Saturday, February 27, 2010

Easy Menu Planning

 
(click for image credit)

I was recently inspired by Stephanie at Keeper Of The Home to revisit my menu planning strategy.  Earlier in the year Stephanie began a series called Organization in the Real Food Kitchen with a post about menu planning.  Of course my ears (eyes?) pricked up because if there's one thing I'm most hopeless with, it's keeping up with the the whole food preparation merry-go-round.  I love collecting new recipes to try, and absolutely adore browsing food magazines, but I seem to have a teeeeeensy issue with follow-through!

I've done every known form of menu planning and food organization at one point or another - once a month cooking, ultra-scratch cooking, stockpiling, staring blankly at the contents of the pantry at 5:00 for weeks at a time, visiting the grocery store daily (yes, daily! When the cashiers know your first name - and you don't live in a small country town - you know you're in trouble!), planning every morsel of every meal to cross our lips down to the last half cup of rice, scouring the magazines and making elaborate lists of meals, printing off countless blank calendars to schedule a month of meals at a time, following a 'If it's Monday, it's Spaghetti' meal categorization plan, emailed menus written by others and even throwing my hands up in the air in desperation.

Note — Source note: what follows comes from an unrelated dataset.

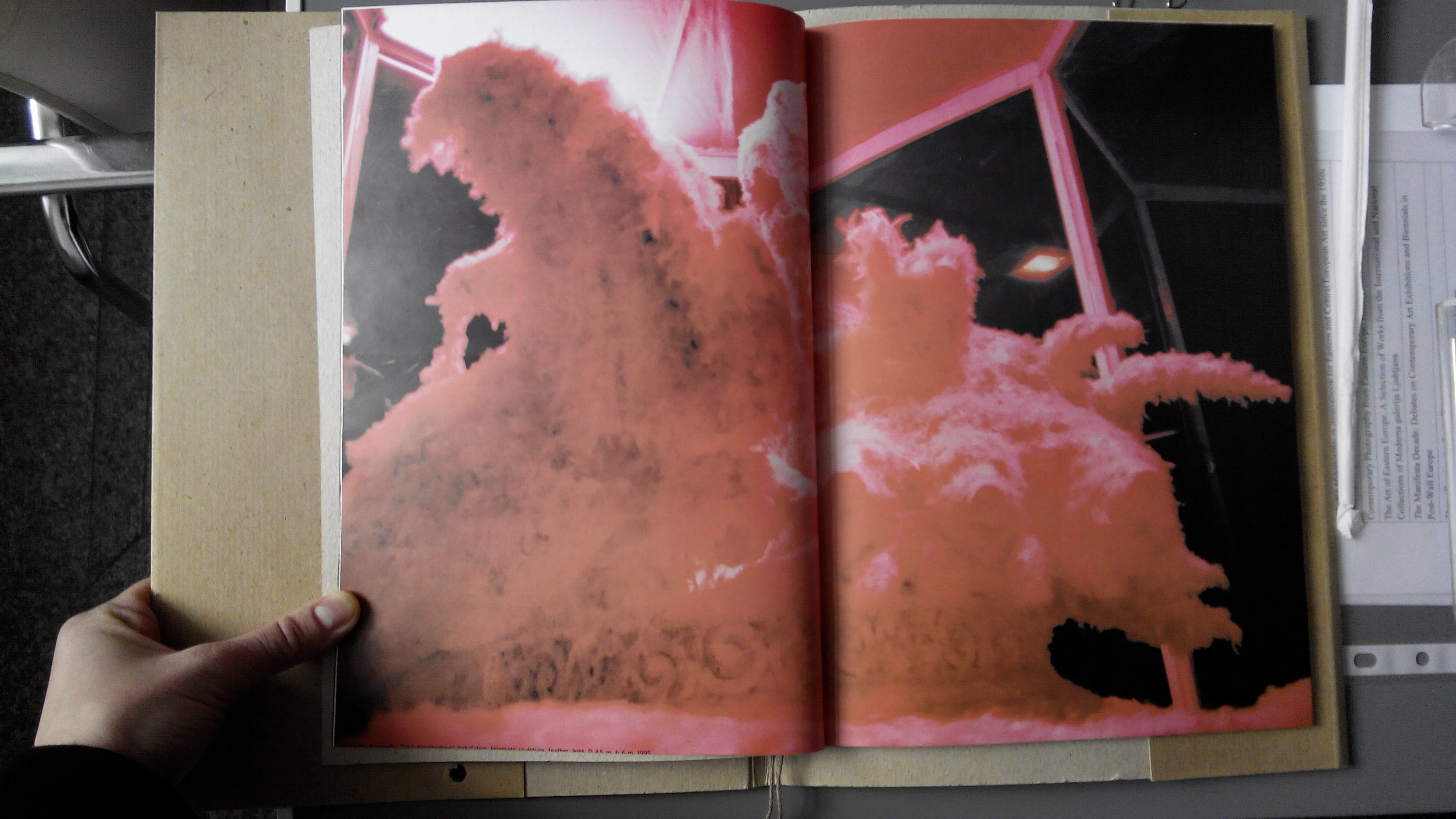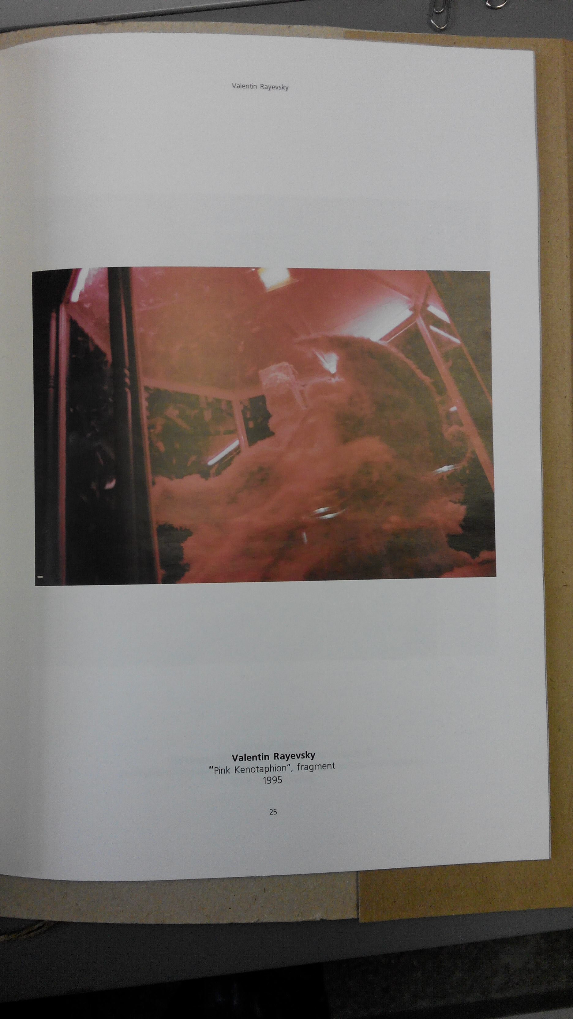 Рожевий — колір освітлення інсталяції — також часто зустрічається у живописі Раєвського (наприклад, у диптиху «Царська брама» 1989 року).

Here's a novel thought - the problem with trying all the different menu planning options out there is that the guru lauding the praises of this or that plan isn't you.  And the people she (and occasionally, he) is trying to feed aren't your family.

So I've given up trying to be a gourmet cook.  Or even super-organized.  I no longer schedule chicken dishes for Tuesdays and freezer meals or leftovers for Fridays.  I've even stopped slotting in meals on the calendar.  What am I concentrating on instead? Good ol' fashioned home cooking (appropriately re-fashioned to a lower-fat version if necessary) with plenty of vegetables.  That's pretty much it.

Stephanie - and a whole slew of others, except me (my bad!) - uses forms and printables by ListPlanIt to help with menu planning.  Jen at ListPlanIt is a pretty cluey kind of gal.  She knows that most home managers (myself included) tend to cook using a small but well-liked range of dinner recipes, so she created a printable to fit.  Her figure is 21 meals, and that sounds about right to me, so I set about compiling my own list.  Here's what I discovered:
  • When I got to about the 15 meal mark, I realised that every member of our family is perfectly happy (thrilled even!) to see certain meals repeated a couple of times a month.  So duplicates of those got added to the list. Once eaten, the meal is crossed off.
  • Many of the meals I cook regularly can be switched up with little or no extra effort - serving rice instead of noodles or traditional pizza with delicious homemade dough vs thin-n-crispy pizza using pita bread.  Even 'eggs' could be scrambled, fried or made into an omelette.  I added variations on the side of each meal entry.
  • I still like to put the plan aside occasionally so along with my 21 meals I left room to jot down an additional 7, as I discover them online or in magazines.  This allows me to try new meals (with the eventual aim to expand our meal list), alleviates meal boredom (even though we all like the 21 meals, the prospect of a delicious new meal is exciting) and gives me scope for creativity as my mood and energy dictates.
  • It also means that once my 21 meals were chosen, I only needed to plan 7 meals to round out an entire month's menu.  The remaining 2 meals were written down as 'takeout' and 'freezer meal/leftovers' with the bonus last meal (no. 31, depending on the month) as an additional freezer/leftovers meal.  Only extending my brain to find 7 new meals a month? Win!
There's a wonderful benefit to this kind of menu planning.  Grocery shopping for the month is an absolute breeze.  If you're extra clever, you'll compile a master grocery list with all the ingredients and amounts needed to make your 21 meals.  Then, when you're adding your additional 7 meals, you'll throw those ingredients into the mix too, and you're done.  Totally easy, and apart from perhaps an hour's worth of initial set-up, super-quick.  And buying in bulk is easier too, since you'll know exactly how many chicken breasts / heads of lettuce / steaks you'll need each month.

All the benefits of traditional menu planning and grocery management but super-flexible.  Love it!

1 comments:

katepickle said...

ah I am so with you on this... I can't do 'Monday is Pasta' Day because of DH's changing shifts and some days I just don't feel like pasta on a Monday LOL... but I love the 21 meals list idea, I do something similar but I am keen to refine it now! thanks heaps for the kick up the bum!